╔══
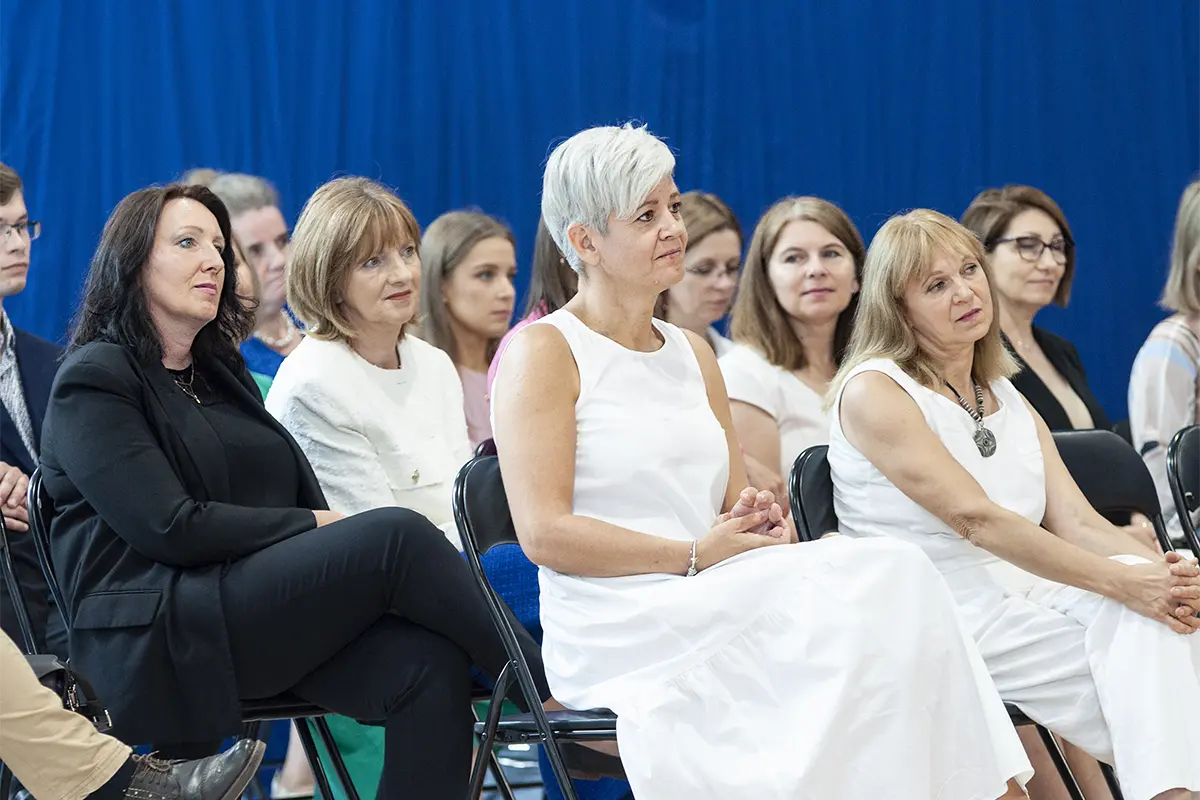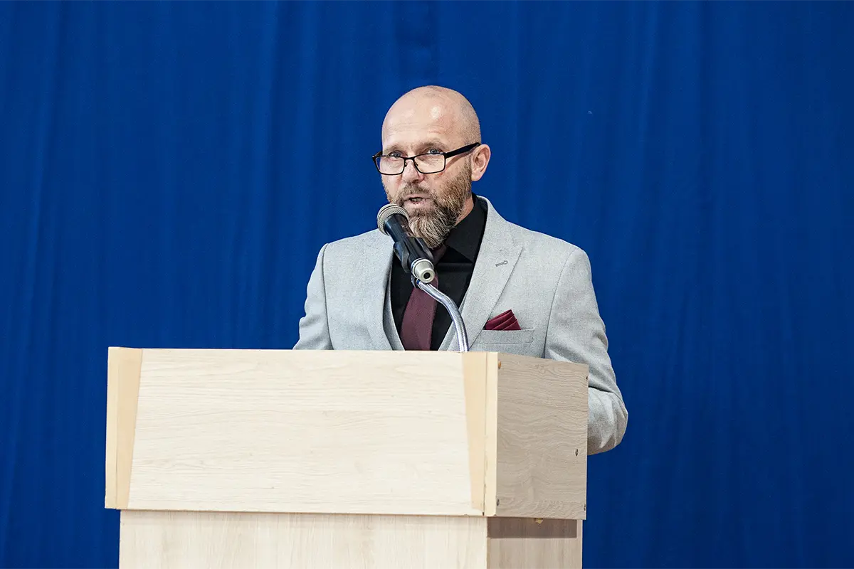 W swoim wystąpieniu nowy dyrektor szkoły p. Tomasz Król skierował słowa powitania do pierwszoklasistów podkreślając „Bardzo serdecznie chciałbym powitać w murach naszej szkoły Pierwszoklasistów. Na początek chcę Wam pogratulować, gratuluję pierwszego bardzo ważnego w waszym życiu zdanego sprawdzianu. W tych trudnych dla Was okolicznościach, dostaliście się do szkoły, którą sami wybraliście. Mam nadzieję, że szybko się tutaj zaaklimatyzujecie i stanie się ona dla Was drugim domem. Życzę wam, abyście poznali samych siebie, odkryli własne talenty i mocne strony, aby nauka sprawiała Wam przyjemność. Wierzę, że będziecie tu przychodzić z ochotą i radością i że wyniesiecie stąd wiele dobrych wspomnień. Z całego serca życzę Wam powodzenia.” Nie zabrakło również życzeń skierowanych do maturzystów „Będzie to szczególny rok dla najstarszych uczniów - maturzystów, którzy kończą pewien etap swojego życia i czeka ich następny. Drodzy maturzyści, przed Wami czas wytężonej pracy, wielu zadań i obowiązków. Jak będzie wyglądał ten rok, w dużej mierze zależy od Was, Waszych postaw, motywacji, Waszego podejścia do obowiązku, jakim jest nauka. To Wy pracujecie na to, jak będzie wyglądała Wasza przyszłość - ta najbliższa, ale i ta dalsza. Trzymam kciuki, abyście osiągnęli to co zaplanujecie i Życzę Wam wytrwałości w dążeniu do obranych celów"
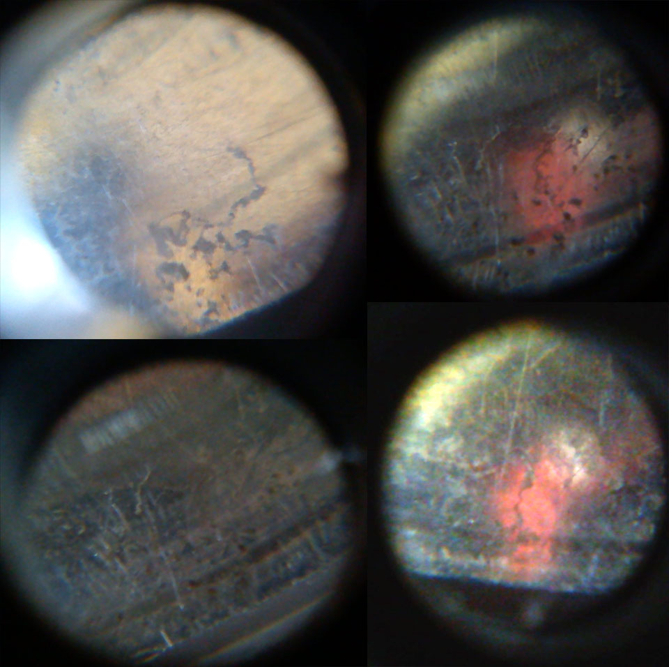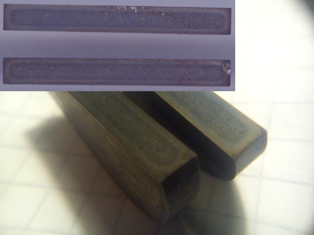 Test, jak wcześniej, przełom/cięcie, szlif, polerka, wytrawianie. Widać różnicę warstw. Płytka handlowa miała 2,30 mm, szlify były tylko o kilka setek, ale już widać, że powierzchnia utwardzana jest cieńsza (po prawej, albo na górze, zależy jak się obrazek wyświetli, pionowo/poziomo). Załącznik:
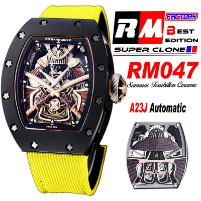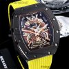 RM047 Samurai Tourbillon Automatic Mens Watch RMF Black Ceramic Case Openworked Dial Yellow Nylon Strap CHS
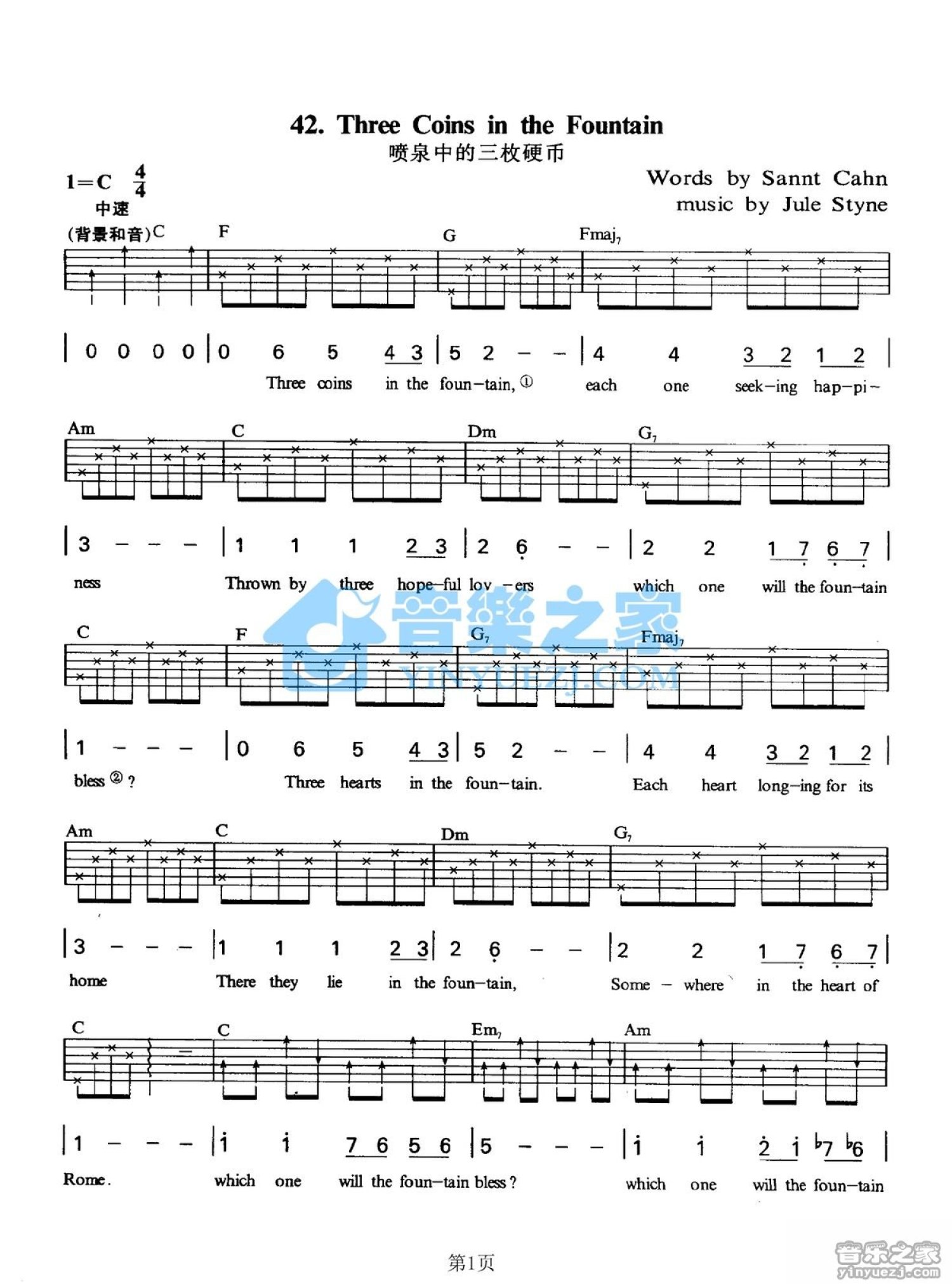 当前位置:琴谱网>吉他弹唱>hree Coins In The Fountain
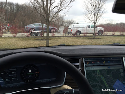 On the appointed day, a valet from the Cleveland Service Center (the closest full service center to Pittsburgh at the time) arrived at my workplace with "Elon".  We chatted a few minutes, traded fobs and I was back at work while he drove my car back to Cleveland.  Normally they'd use a flatbed truck but I guess it was already shuttling a car from even farther away that particular morning.  No matter.  As long as nothing breaks 150 miles or so out of warranty!  Schedule conflicts would mean that we ended up with the loaner for a FULL WEEK, so "Elon" and I got to know each other pretty well and I had fun playing with the new features-- completely unaware of how far Tesla would push this tech.
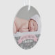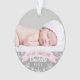 "My First Christmas" banner and snowflake border photo ornament design can be personalised with the baby girl's name and birth year. Includes a second photo on the back. Light pink, grey and white colours.
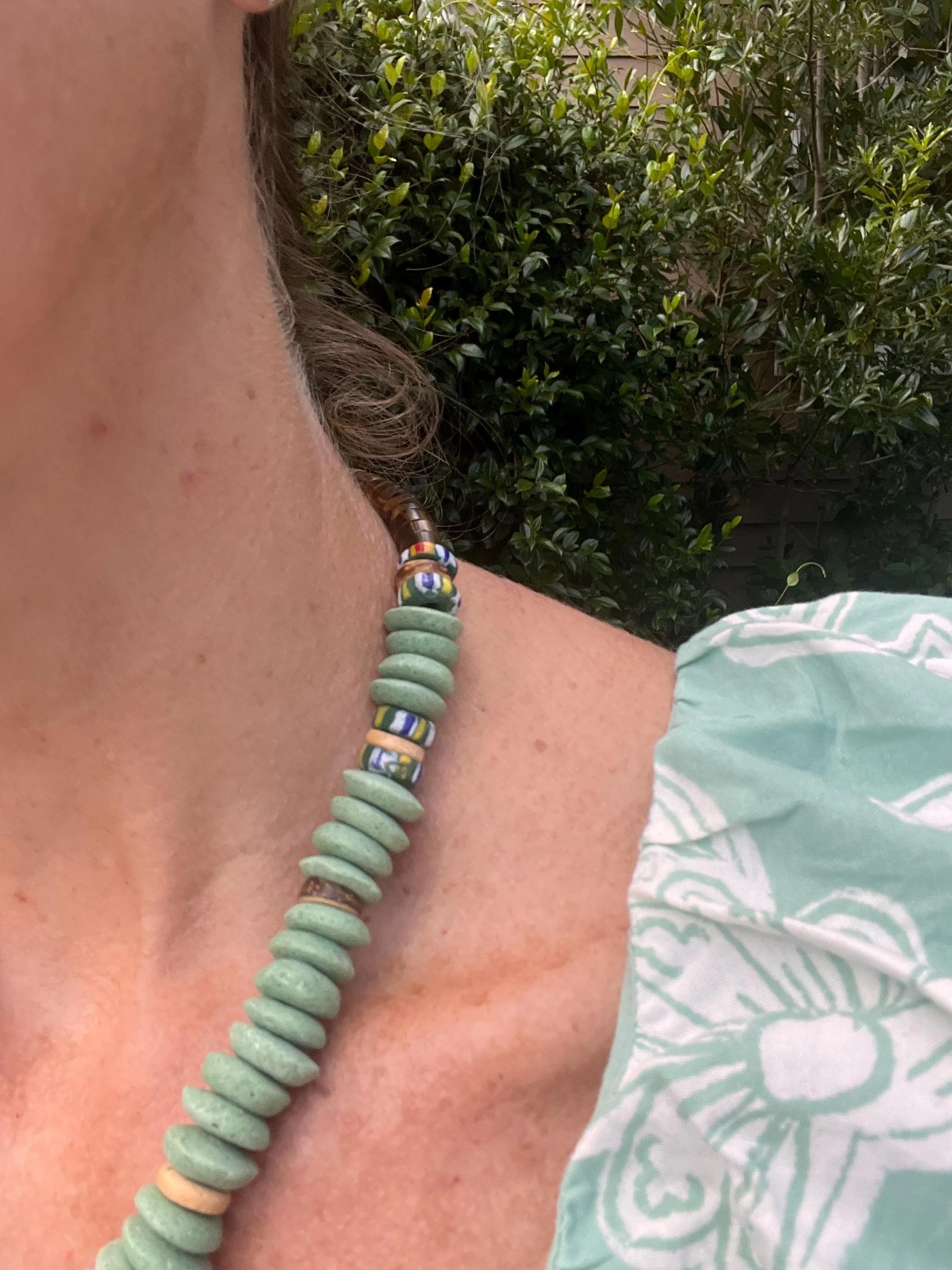 All shells locally sourced (by me!) from up and down the NC coast. This design features gorgeous painted and green colored glass Ashanti saucer beads. The process of making these beads is unique to Ghana, Africa for over 1000 years! This is our most popular design.
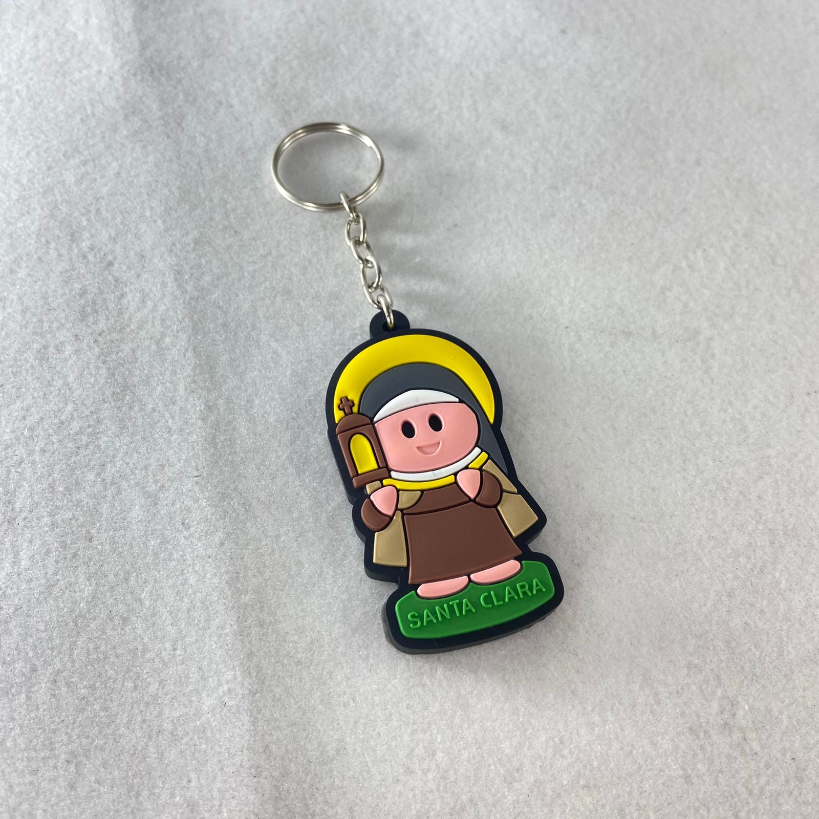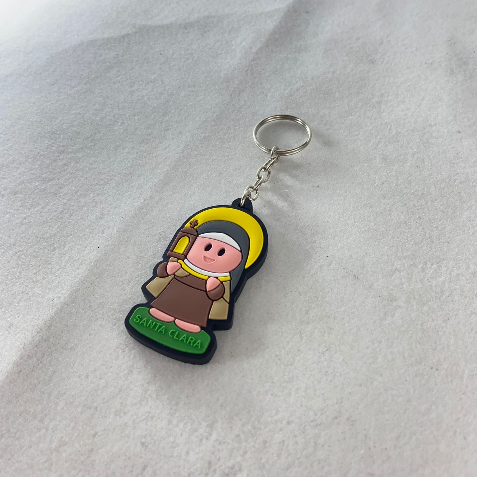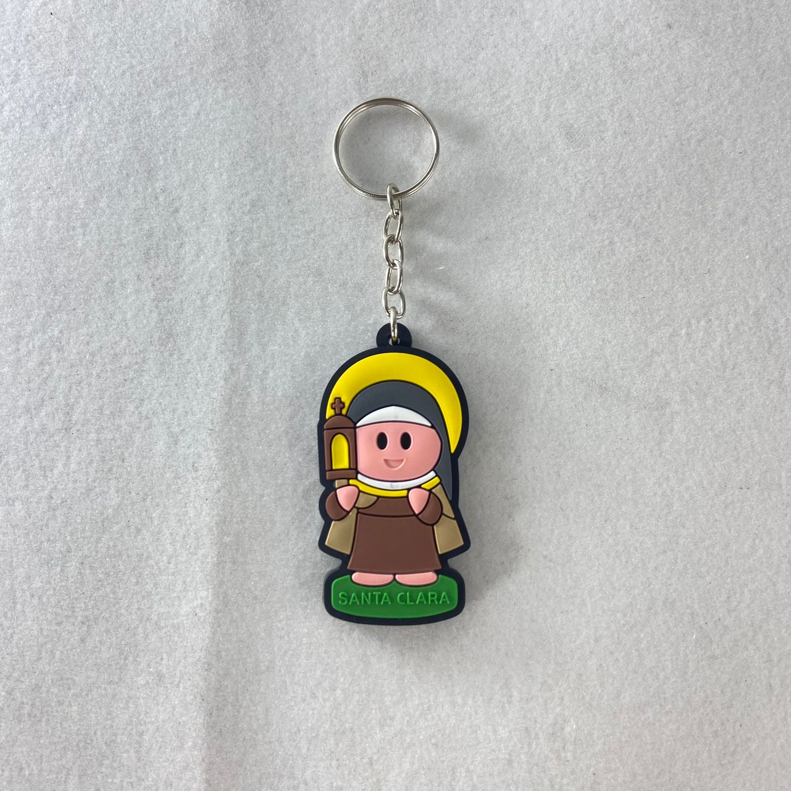 O chaveiro emborrachado é um conjunto de 12 chaveiros temáticos. Cada um é feito em borracha de alta qualidade, durável e flexível. Com um tamanho compacto e prático, estes chaveiros são perfeitos para serem usados em suas chaves de casa, carro, escritório ou em sua mochila. Eles são leves e resistentes, ideais para o uso diário, e também são excelentes para presentear em ocasiões especiais, como batismos, primeiras comunhões, confirmações e outras celebrações religiosas.
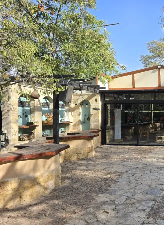 הרחבה מוקפת מזנוני הגשה עשויים עץ גושני, בצד הרחבה 10 תאי שירותים נעימים, חניה מרווחת, מחסנים ומטבח הגשה. הרחבה מונגשת ומזמינה אנשים עם ובלי מוגבלויות.
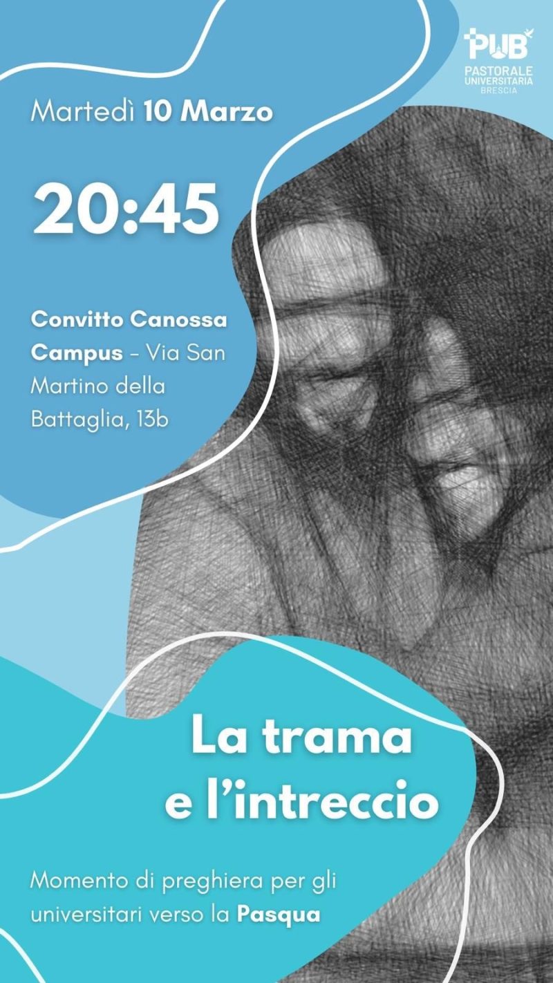 Martedì 10 marzo, nel Convitto universitario Canossa Campus (via S. Martino della Battaglia, 13b) alle ore 20:45 è proposta, a cura del Servizio per l’Università, una serata di preghiera fra studenti universitari, in preparazione alla Pasqua.
╚══
Task prompt
The expected result is the data above in exact form, free of pictures.

Task response
 W swoim wystąpieniu nowy dyrektor szkoły p. Tomasz Król skierował słowa powitania do pierwszoklasistów podkreślając „Bardzo serdecznie chciałbym powitać w murach naszej szkoły Pierwszoklasistów. Na początek chcę Wam pogratulować, gratuluję pierwszego bardzo ważnego w waszym życiu zdanego sprawdzianu. W tych trudnych dla Was okolicznościach, dostaliście się do szkoły, którą sami wybraliście. Mam nadzieję, że szybko się tutaj zaaklimatyzujecie i stanie się ona dla Was drugim domem. Życzę wam, abyście poznali samych siebie, odkryli własne talenty i mocne strony, aby nauka sprawiała Wam przyjemność. Wierzę, że będziecie tu przychodzić z ochotą i radością i że wyniesiecie stąd wiele dobrych wspomnień. Z całego serca życzę Wam powodzenia.” Nie zabrakło również życzeń skierowanych do maturzystów „Będzie to szczególny rok dla najstarszych uczniów - maturzystów, którzy kończą pewien etap swojego życia i czeka ich następny. Drodzy maturzyści, przed Wami czas wytężonej pracy, wielu zadań i obowiązków. Jak będzie wyglądał ten rok, w dużej mierze zależy od Was, Waszych postaw, motywacji, Waszego podejścia do obowiązku, jakim jest nauka. To Wy pracujecie na to, jak będzie wyglądała Wasza przyszłość - ta najbliższa, ale i ta dalsza. Trzymam kciuki, abyście osiągnęli to co zaplanujecie i Życzę Wam wytrwałości w dążeniu do obranych celów"
 Test, jak wcześniej, przełom/cięcie, szlif, polerka, wytrawianie. Widać różnicę warstw. Płytka handlowa miała 2,30 mm, szlify były tylko o kilka setek, ale już widać, że powierzchnia utwardzana jest cieńsza (po prawej, albo na górze, zależy jak się obrazek wyświetli, pionowo/poziomo). Załącznik:
 RM047 Samurai Tourbillon Automatic Mens Watch RMF Black Ceramic Case Openworked Dial Yellow Nylon Strap CHS
 当前位置:琴谱网>吉他弹唱>hree Coins In The Fountain
 On the appointed day, a valet from the Cleveland Service Center (the closest full service center to Pittsburgh at the time) arrived at my workplace with "Elon".  We chatted a few minutes, traded fobs and I was back at work while he drove my car back to Cleveland.  Normally they'd use a flatbed truck but I guess it was already shuttling a car from even farther away that particular morning.  No matter.  As long as nothing breaks 150 miles or so out of warranty!  Schedule conflicts would mean that we ended up with the loaner for a FULL WEEK, so "Elon" and I got to know each other pretty well and I had fun playing with the new features-- completely unaware of how far Tesla would push this tech.
 "My First Christmas" banner and snowflake border photo ornament design can be personalised with the baby girl's name and birth year. Includes a second photo on the back. Light pink, grey and white colours.
 All shells locally sourced (by me!) from up and down the NC coast. This design features gorgeous painted and green colored glass Ashanti saucer beads. The process of making these beads is unique to Ghana, Africa for over 1000 years! This is our most popular design.
 O chaveiro emborrachado é um conjunto de 12 chaveiros temáticos. Cada um é feito em borracha de alta qualidade, durável e flexível. Com um tamanho compacto e prático, estes chaveiros são perfeitos para serem usados em suas chaves de casa, carro, escritório ou em sua mochila. Eles são leves e resistentes, ideais para o uso diário, e também são excelentes para presentear em ocasiões especiais, como batismos, primeiras comunhões, confirmações e outras celebrações religiosas.
 הרחבה מוקפת מזנוני הגשה עשויים עץ גושני, בצד הרחבה 10 תאי שירותים נעימים, חניה מרווחת, מחסנים ומטבח הגשה. הרחבה מונגשת ומזמינה אנשים עם ובלי מוגבלויות.
 Martedì 10 marzo, nel Convitto universitario Canossa Campus (via S. Martino della Battaglia, 13b) alle ore 20:45 è proposta, a cura del Servizio per l’Università, una serata di preghiera fra studenti universitari, in preparazione alla Pasqua.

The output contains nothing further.